These are the tools needed to extract the raw texts and labels from the **Wiki10+** dataset.

Files
=====

- partition.txt: 
    This file specifies whether each sample is in the train or test set. 
    This file was created according to the partition used in AttentionXML.

- tags.txt: 
    This file (obtained from the Extreme Classification Repository) contains the subset of 31k labels.

- download.sh: 
    This script is responsible for downloading the original **Wiki10+** dataset. 
    The downloaded data will be in `./data`.
    
    Use this script before `preprocess.py`:
        ```
        ./download.sh
        ```

- preprocess.py: 
    This script is responsible for extracting the texts and label from the downloaded data
    and requires the module `beautifulsoup4` to work.

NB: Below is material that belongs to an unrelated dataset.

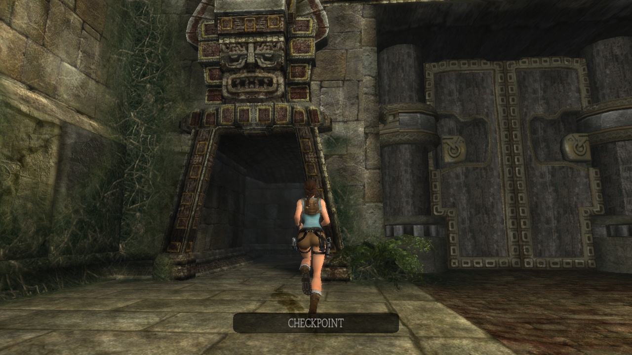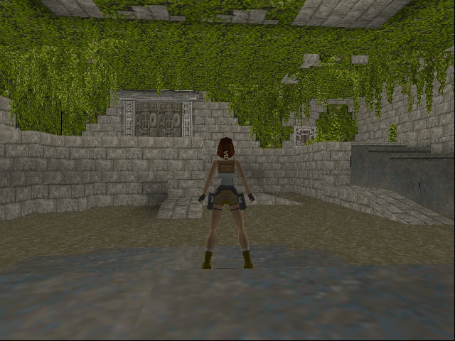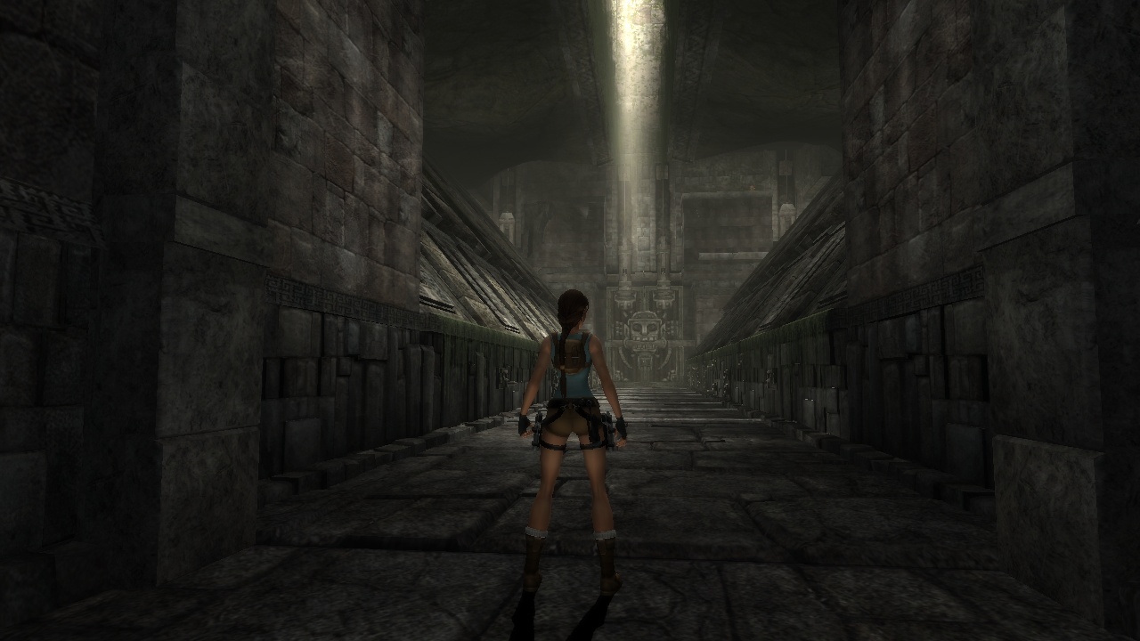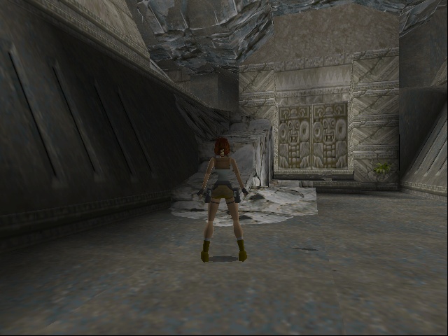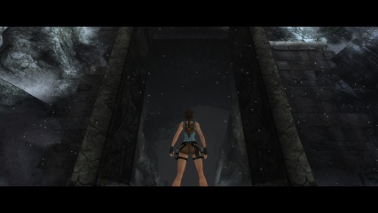The final door of the first stage. In the original Lara actually approaces it from the balcony to the left, after seeing it teased from a wooden gate that blocks the front corridor. In Anniversary the way is wide open, but instead opening the door is made more complicated: Lara has to get up to hang onto the weights that pull up the huge stone bolts that keep it locked. |
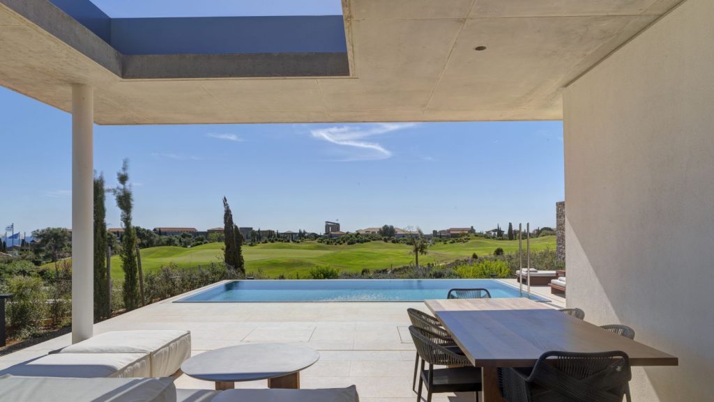 Σκέψου λοιπόν όλο αυτό να το έχεις από το δικό σου σπίτι. Φαντάσου μια κατοικία που αποπνέει την εκλεπτυσμένη αισθητική του τόπου, φτιαγμένη με τα καλύτερα υλικά και σχεδιασμένη τόσο άρτια, που θα θέλεις να μένεις εκεί όλο τον χρόνο. Μία κατοικία που θα γίνει ο απόλυτος προορισμός για σένα φυσικά αλλά και τους φίλους σου. Γιατί όποιος τη βλέπει απλά την ερωτεύεται. Αν αγαπάς το γκολφ, σκέψου ότι από την πισίνα σου απλώνεται μπροστά σου ένα καταπράσινο γήπεδο που φτάνει μέχρι τη θάλασσα.

    Excecute the script after the data had been downloaded:
        ```
        python preprocess.py
        ```
    
    The script should generate the files `wiki10_31k_raw_texts_train.txt` and `wiki10_31k_raw_texts_test.txt`  in './data/`.

- tfidf.py:
    This script is responsible for creating the bag-of-words (tfidf) feature after the raw texts have been extracted.
    It requires the module `scikit-learn` to work.

    Execute the script after running `preprocess.py`:
        ```
        python tfidf.py
        ```
    
    The script should generate the files `wiki10_31k_tfidf_train.svm`, `wiki10_31k_tfidf_test.svm` and 'vocab.txt' in './data/`.